Don’t Forget the Black Jew III: Looking Back, Research Time, 19/05/2017

The last two posts have been cracks at figuring out how to relate what I want to do with Jacques Derrida’s ideas to what I want to do with Machiavelli’s. Derrida developed destructive powers for philosophy, but their aim wasn’t the indiscriminate violence that deconstructionists apply them.

Derrida wanted to destroy, in the most profound way possible, the mainstream tradition of philosophy as the only set of ideas that mattered. He fundamentally concentrated, in the early years of his career, on those destructive powers. This was deconstruction.

He wanted to replace the metaphysics of presence, being, and the sovereign subject with a philosophy focussed around differentiation, change, and becoming. That’s why he developed the concept of differance.

If you know anything about the general shape of Derrida scholarship, then you know that differance was largely a failure as a positive philosophy. Derrida scholars spend their major debates over their complicated and divergent conceptions of what differance could be.

If Derrida could have known how he'd be
received and remembered, would he have
written what he did, the way he did?
Truth is, Gilles Deleuze and Félix Guattari were best of that whole school of thinkers surrounding Paris VIII University in the 1970s, when it came to building a positive, complex, useful metaphysics of becoming.

When I read Mercier’s paper, an interesting line stuck out for me (among many). He referred to the recent radical democrats (Antonio Negri, among other lower-profile scholars) creating a tradition of radical materialist politics in the modern period.

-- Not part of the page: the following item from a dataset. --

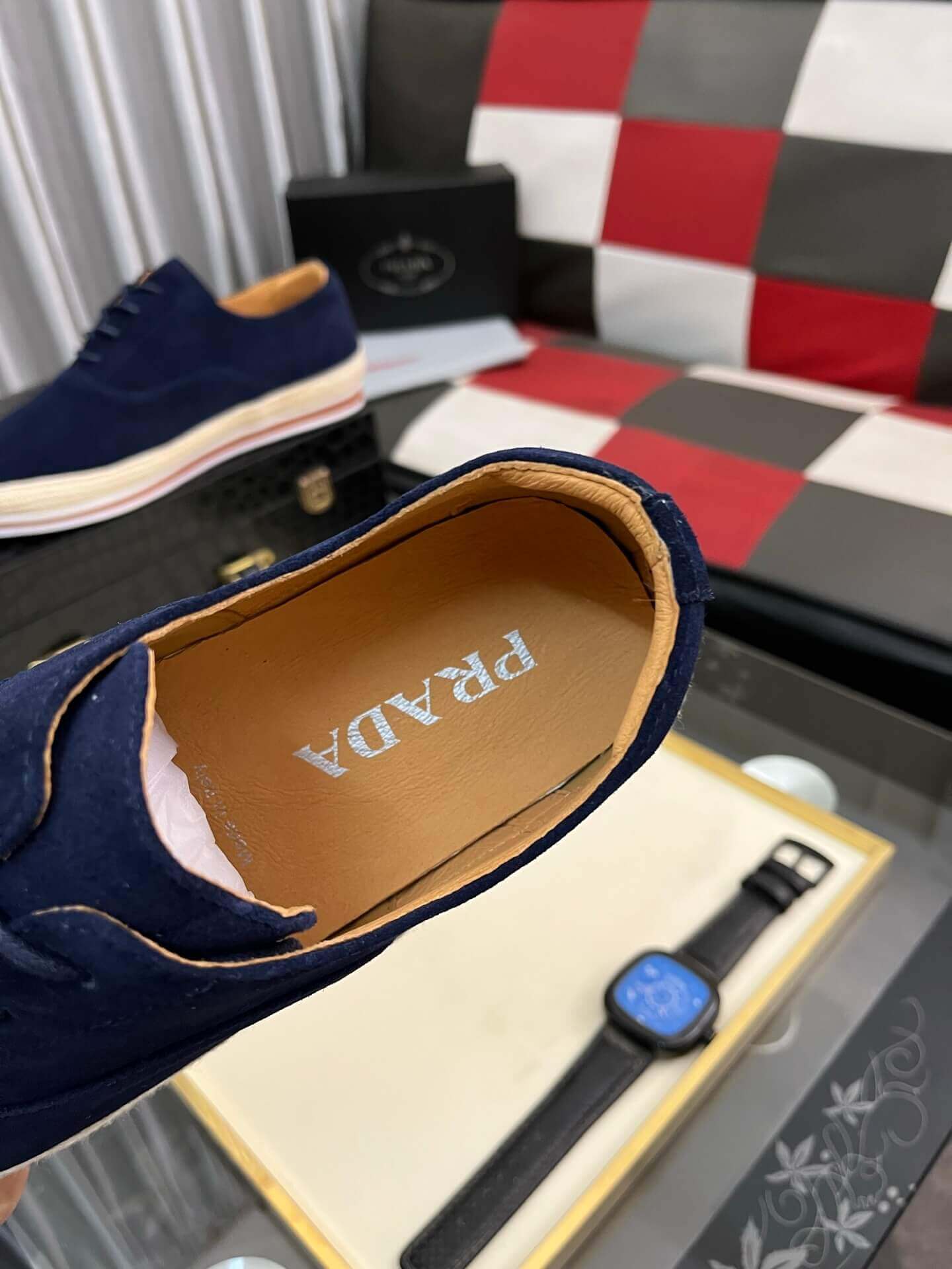 Elevate your casual wardrobe with these sophisticated Prada sneakers, blending luxurious materials with a unique design. The rich navy blue suede upper offers a soft, elegant texture, complemented by matching laces for a cohesive look. A tan leather lining provides premium comfort. The standout feature is the layered sole, combining a crisp white midsole with a distinctive braided jute outsole, adding an unexpected touch of artisanal flair. These lace-up sneakers are perfect for the discerning individual seeking a blend of classic elegance and contemporary detailing.

That tradition starts with Machiavelli and Spinoza, picks up steam with Marx and Nietzsche, then continues in the explosion of radical democrat ideas among Deleuze, Guattari, Derrida, Sartre, Ernesto Laclau, Chantal Mouffe, Negri, and others in their crew.

Mercier seems to think that the Machiavellian roots of this tradition were a bit of a reach – Niccolò never described himself as an ontologist. But his critique forgets that a tradition is created retroactively. So what does this retroactive tradition achieve?

Here’s the point as I’ve been able to distill it so far. It follows from some of the reflections about subjectivity in the last post.

The politics of sovereignty conceives political activity as a matter of battling subjectivities. You can’t have sovereignty without a sovereign, of course, a law-giving voice. Humanity’s world is a matter of these voices fighting to dominate over each other.

The radical democrat philosophers of the last 60 or so years have picked out Machiavelli as a thinker of the earliest time of modernity, who articulated an alternative.

Machiavelli found a vision of democracy that conceived of politics as a collision of forces. People come together in communities driven by their desires – and those desires are shaped by the moral beliefs flowing around their families and societies.

Human society is fundamentally a product whose shapes emerge from countless collisions and conflicts among people, organizations, institutions, and ecologies. That’s what an ontology of forces is – to answer Mercier’s question in that paper about a complex and concrete concept of force.